Classic Kaposi sarcoma mimicking chilblains1. Dermatology Dept, Ramon y Cajal Hospital, University of Alcala, Madrid, Spain. firstname.lastname@example.org
Sergio Vano-Galvan1,2, Carmen Moreno3, Manuel Fernández-Lorente2, Pedro Jaén1,2
Dermatology Online Journal 17 (2): 16
2. Grupo de Dermatología Clínic, Madrid, Spain
3. Pathology Dept, Ramon y Cajal Hospital, Madrid, Spain
Kaposi Sarcoma (KS) is a low-grade vascular tumor associated with human herpes virus-8 infection. It usually presents in elderly patients as violaceous plaques of the lower limbs. However, KS may present in a wide spectrum of atypical clinical forms, leading to misdiagnoses. We report a case of classic KS mimicking chilblains.
|Figure 1||Figure 2|
|Figure 1. Clinical image showing violaceous infiltrated nodules and patches located on palms affecting fingertips and both
thenar and hypothenar eminences
Figure 2. Dermoscopic image showing violaceous patch with blue-grey areas
An 82-year-old man presented with a 2-month history of painful purple lesions located on both palms that worsened with cold. He had been previously diagnosed with chilblains but no response was achieved with the avoidance of cold. No immunosuppressive therapy had been administered to the patient previously. Physical examination revealed violaceous infiltrated nodules and patches located on palms, without any other lesions (Figure 1). Dermoscopy revealed a violaceous patch with blue-grey areas (Figure 2). The clinical diagnosis included atypical KS, chilblains, and chilblain lupus. A skin biopsy was performed. Histological examination and nuclear immunostaining for human herpes virus-8 (HHV-8) confirmed the diagnosis of classic Kaposi sarcoma (Figure 3). An HIV antibody test was performed and was negative. Radiological and endoscopic studies were unremarkable. Treatment with liposomal doxorubicine was started and provided adequate control of disease after 4 months.
|Figure 3c||Figure 3d|
Kaposi sarcoma (KS) is a multicentric neoplasm frequently evident as multiple vascular cutaneous and mucosal nodules. It is linked to HHV-8, which is a necessary, though alone insufficient, condition for the development of the lesions . Four variants have been described: classic, immunosuppression-associated, endemic African, and HIV-related.

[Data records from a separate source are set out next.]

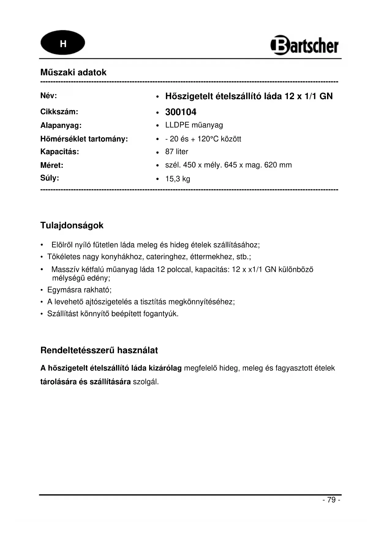 Rendeltetésszerű használat A hőszigetelt ételszállító láda kizárólag megfelelő hideg, meleg és fagyasztott ételek tárolására és szállítására szolgál. H- 80 - Leírás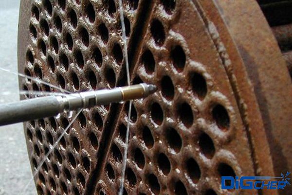 2、可防止刷管過程中的堵管現(xiàn)象,對于一般運(yùn)行中的堵管,如果時間不長,結(jié)塊不十分硬的,用高壓噴槍也可將其沖開;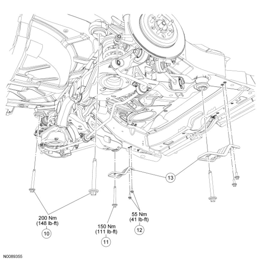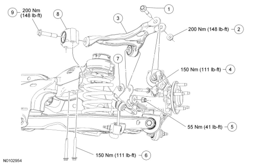 13. Tighten the upper arm-to-subframe forward bolt to 150 Nm (111 lb-ft).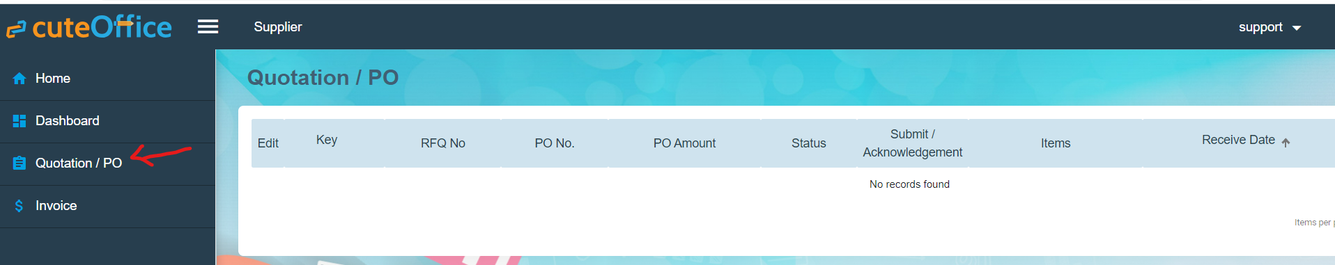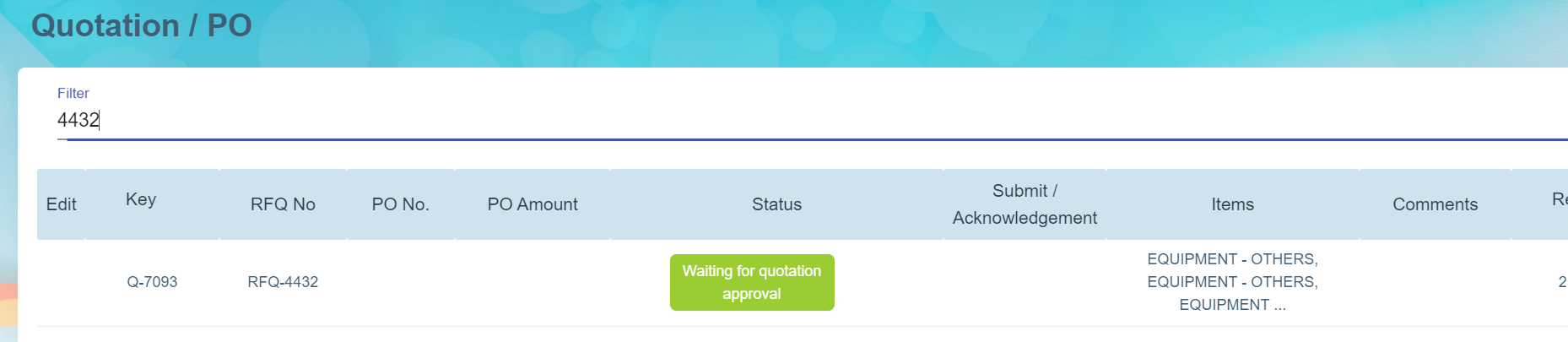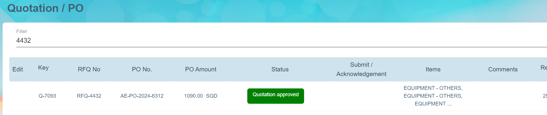- Click Quotation/PO menu in Supplier portal. The status of PO will be "Quotation approved" in Supplier portal with the PO number.

Clinically it presents as small, violaceous macules and papules situated particularly on the lower limbs  and, less frequently, on the upper arms, forearms, trunk, eyelids, and genital area. Several atypical presentations of KS have been described. Kaposi sarcoma may present as isolated palmoplantar lesions . Lesions mimicking pyogenic granuloma of the hands have also been reported . A case of KS mimicking Stewart-Treves syndrome was described by Salameire et al . Atypical variants of generalized lymphadenopathic, telangiectatic, keloidal, ecchymotic, and cavernous KS have also been described .

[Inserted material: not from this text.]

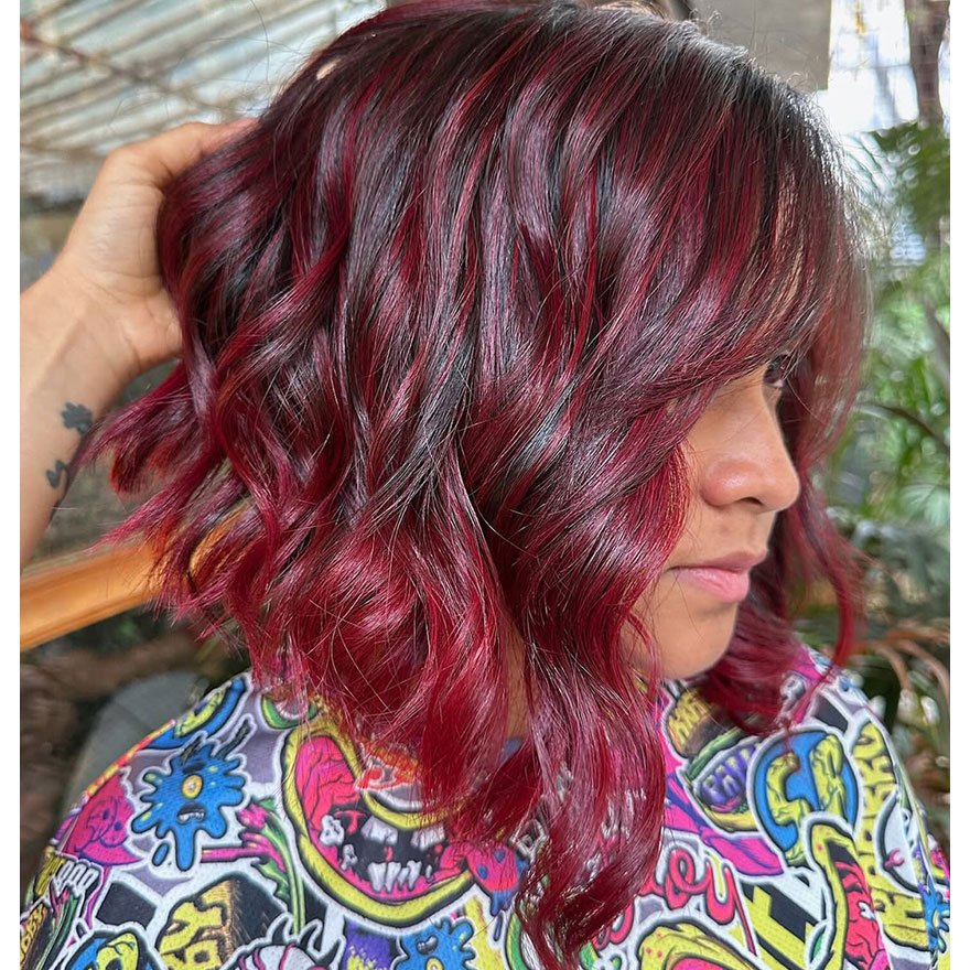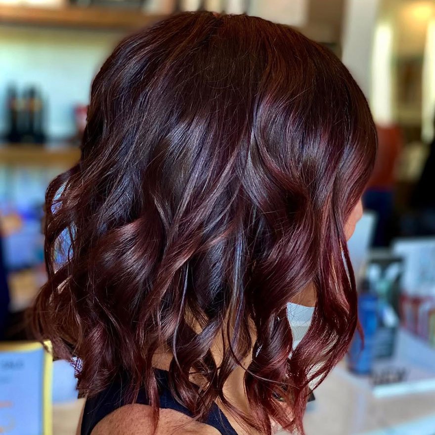The cranberry textured bob mixes bold berry color with choppy layers for a modern, lightweight cut. The texture gives volume and bounce, while the length keeps it easy to manage.

To the best of our knowledge, no cases of KS mimicking lesions of chilblains on the hands have been described. Chilblains (or perniosis) is an inflammatory skin condition presenting after exposure to cold as pruritic and/or painful erythematous-to-violaceous acral lesions. It usually improves with the warming of acral areas achieved by heat and appropriate clothing. Our case mimicked chilblains because of the exclusive localization of the violaceous nodules and patches on the hands. In addition, the patient had noted worsening of the lesions with cold. Nevertheless, the avoidance of cold not only did not improve the condition, but the eruption gradually became more extensive.
In summary, KS may present with many atypical clinical presentations and physicians should be suspicious when violaceous nodules or patches develop on the palms or soles of elderly patients. A skin biopsy should be performed in these cases.